Exam3 will be given be during finals. The exam is (inherently) cumulative, but will stress material since exam2.

Study Sheet -- you can bring one page of notes to the exam: hand-written (no machine reproduction in any way), single-sided, 8.5″x11″. (You'll turn this in with your exam.)

There will be a study session (driven entirely by your questions), Dec.07 (Fri) 15:30-16:30, place: Davis 201.

The material from Exam1 and Exam2 won't be especially tested, but due to the cumulative nature of the material, you should know all the topics from the exam1 study questions. and exam2 study questions.

For the class java.util.LinkedList<SomeType>, you will need to know the methods add(SomeType), get(int), and size() (but not remove(int) or remove(SomeType)).

For the class java.util.Scanner, you will need to know how to use its methods hasNext and next, as well as the related hasNextInt, nextInt, etc.. You should know that its constructor takes one argument -- where the Scanner reads its individual characters from (either the keyboard, System.in, or from a particular String. You won't need to know that java.io.Files and java.net.URLs are also perfectly fine source of characters.)

For the classes String, java.util.LinkedList<SomeType>, and the wrapper classes (Double, Boolean, etc.) you will not need to memorize the names of any of the methods or fields for those classes (beyond calling their constructor). However, if you are provided with documentation (for any of these classes or others), you should be able to create instances of that class and call its methods appropriately.

You will not need to know/use “import”, “static” You will need to know when to use static!, or classes such as java.io.File.

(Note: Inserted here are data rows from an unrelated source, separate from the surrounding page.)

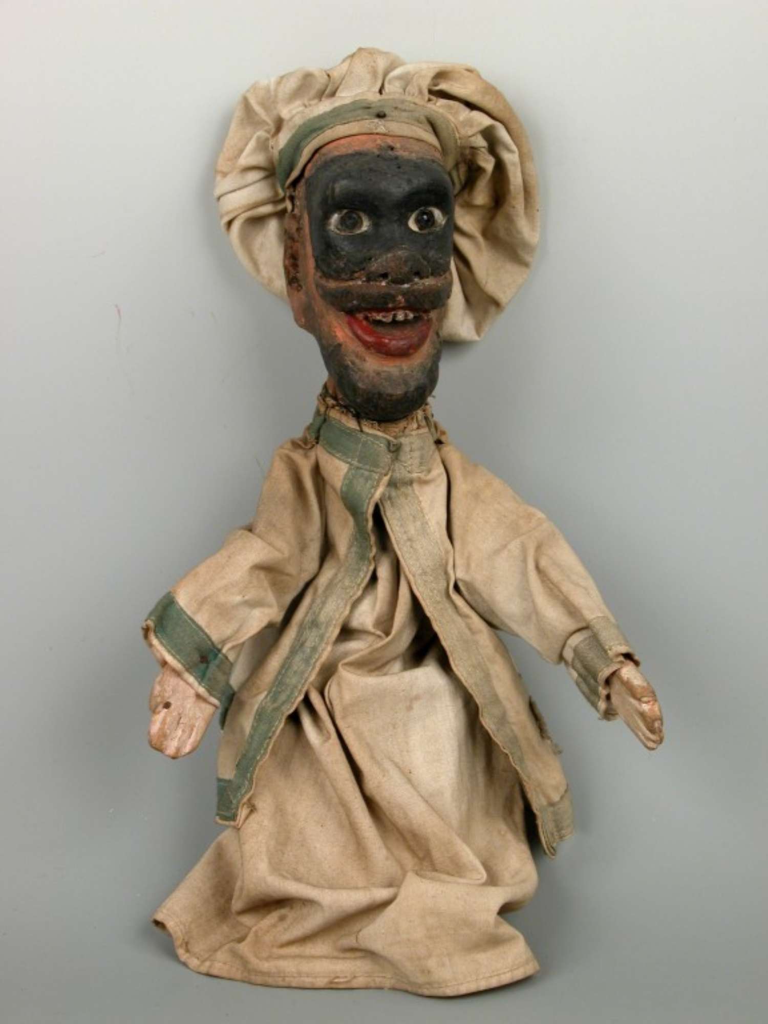 Il burattino in esame raffigura Brighella. Indossa un abito bianco con giacchina col bordo verde, un berretto bianco con una fascia verde e bauta nera.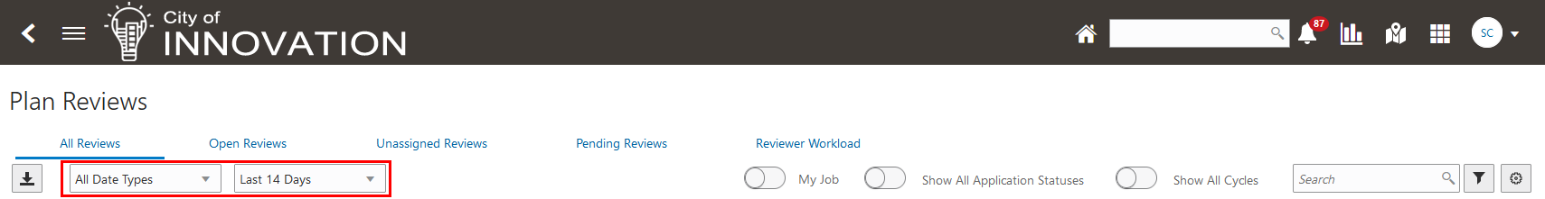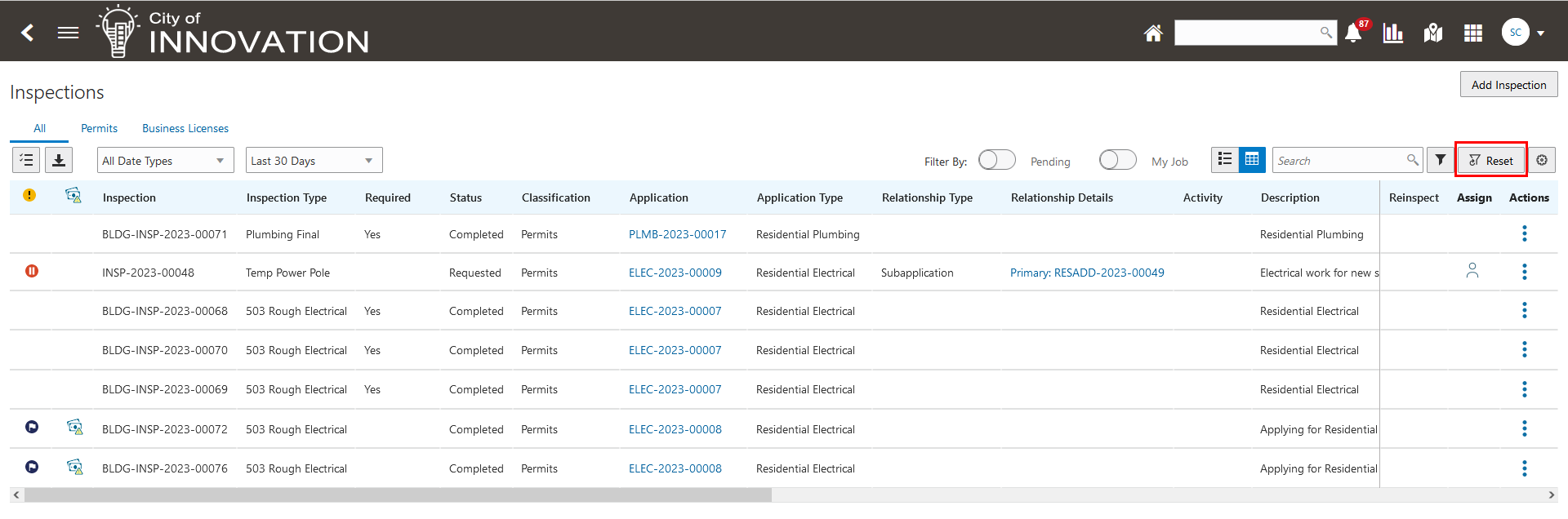 The Inspections console page for agency staff now retains your search, filter, and sort results when you navigate away from the All, Permits, or Business License tabs. Your selections for the Date Type and Date Range fields as well as the Pending and My Job switches are maintained while you work until you intentionally clear them or log out, ending your session.
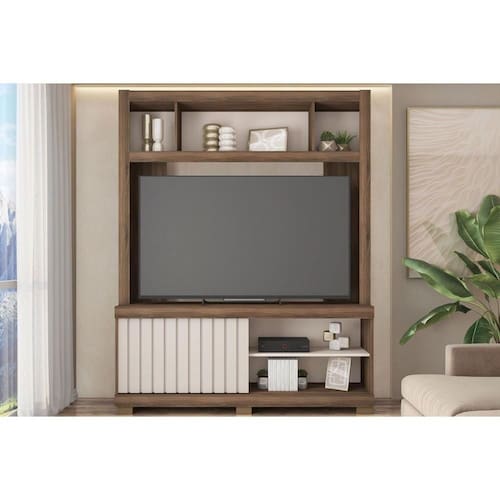 Home p/ TV até 65 Pol Cinne c/ Ripado Pés 160x203cm Nogueira San Remo/Off White - Caemmun

For these practice questions, feel free to discuss answers on the WebCT discussion board(s). Problems tagged as “[Challenge]” or “Optional” aren't necessarily difficult, but might rely on remembering details or concepts which weren't stressed. Such problems would be extra credit if they were on the test at all.

When giving a java expression or statement, you should be able to type it into BlueJ's Code Panel without any error; this means knowing where you need parentheses, where you need squirly-braces, and where you need semicolons (though I'll give some slack on these). I particularly recommend the problems which require actual code or definitions.

New Topics for Final Exam

• Using class Scanner
• System.out.println
• for-each loops
• while loops
• for loops (in addition to for-each loops from exam2)
• arrays
• inheritance: a class which extends another, and overrides a method. You won't have to write such code, but if shown such code you'll have to understand it.
  (You won't need to know super, or interfaces.)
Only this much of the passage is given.